§ **Try it**: Your output is to consist only of the line containing "Stunning parlor level" and the lines after it, through the end of the data, reproduced exactly.

◇ ◇ ◇ ◇

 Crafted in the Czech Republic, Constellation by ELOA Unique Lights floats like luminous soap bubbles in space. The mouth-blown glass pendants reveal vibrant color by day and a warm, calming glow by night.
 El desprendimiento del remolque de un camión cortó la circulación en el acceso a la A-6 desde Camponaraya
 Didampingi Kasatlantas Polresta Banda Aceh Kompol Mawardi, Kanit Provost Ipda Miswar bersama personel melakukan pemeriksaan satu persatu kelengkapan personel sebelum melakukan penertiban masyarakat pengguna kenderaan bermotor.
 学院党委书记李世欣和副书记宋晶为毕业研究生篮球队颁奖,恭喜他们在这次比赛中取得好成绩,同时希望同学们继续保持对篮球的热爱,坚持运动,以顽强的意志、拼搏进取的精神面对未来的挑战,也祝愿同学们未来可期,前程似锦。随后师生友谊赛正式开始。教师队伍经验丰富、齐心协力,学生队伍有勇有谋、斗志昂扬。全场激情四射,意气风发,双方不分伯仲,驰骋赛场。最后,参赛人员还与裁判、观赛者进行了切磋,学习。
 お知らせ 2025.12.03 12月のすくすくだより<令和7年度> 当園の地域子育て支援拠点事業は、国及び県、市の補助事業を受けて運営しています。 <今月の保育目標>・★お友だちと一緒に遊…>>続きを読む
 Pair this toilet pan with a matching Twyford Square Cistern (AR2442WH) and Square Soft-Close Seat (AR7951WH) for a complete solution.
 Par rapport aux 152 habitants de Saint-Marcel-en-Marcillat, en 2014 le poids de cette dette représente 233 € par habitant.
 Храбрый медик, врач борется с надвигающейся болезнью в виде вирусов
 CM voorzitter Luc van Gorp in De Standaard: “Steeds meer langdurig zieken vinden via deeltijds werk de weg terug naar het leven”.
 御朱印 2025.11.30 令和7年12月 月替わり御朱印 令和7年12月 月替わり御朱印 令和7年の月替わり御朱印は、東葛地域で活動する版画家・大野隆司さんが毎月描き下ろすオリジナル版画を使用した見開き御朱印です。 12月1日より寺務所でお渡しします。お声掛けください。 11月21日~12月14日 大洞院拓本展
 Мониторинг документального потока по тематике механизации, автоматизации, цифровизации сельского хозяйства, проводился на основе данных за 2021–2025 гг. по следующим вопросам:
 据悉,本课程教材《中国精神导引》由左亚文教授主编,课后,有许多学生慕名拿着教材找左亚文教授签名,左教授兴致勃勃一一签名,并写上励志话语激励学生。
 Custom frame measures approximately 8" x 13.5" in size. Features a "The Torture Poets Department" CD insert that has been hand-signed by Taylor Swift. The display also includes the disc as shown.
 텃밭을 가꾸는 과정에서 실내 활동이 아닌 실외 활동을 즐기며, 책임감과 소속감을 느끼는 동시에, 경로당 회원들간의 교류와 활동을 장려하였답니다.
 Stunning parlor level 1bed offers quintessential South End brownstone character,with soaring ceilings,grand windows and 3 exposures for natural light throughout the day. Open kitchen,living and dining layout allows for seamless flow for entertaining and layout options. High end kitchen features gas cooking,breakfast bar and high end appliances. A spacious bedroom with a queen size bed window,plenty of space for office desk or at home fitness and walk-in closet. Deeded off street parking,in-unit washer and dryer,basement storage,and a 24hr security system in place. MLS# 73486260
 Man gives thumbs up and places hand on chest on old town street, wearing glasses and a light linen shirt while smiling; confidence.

◇ ◇ ◇ ◇

§ **Your solution**:
 Stunning parlor level 1bed offers quintessential South End brownstone character,with soaring ceilings,grand windows and 3 exposures for natural light throughout the day. Open kitchen,living and dining layout allows for seamless flow for entertaining and layout options. High end kitchen features gas cooking,breakfast bar and high end appliances. A spacious bedroom with a queen size bed window,plenty of space for office desk or at home fitness and walk-in closet. Deeded off street parking,in-unit washer and dryer,basement storage,and a 24hr security system in place. MLS# 73486260
 Man gives thumbs up and places hand on chest on old town street, wearing glasses and a light linen shirt while smiling; confidence.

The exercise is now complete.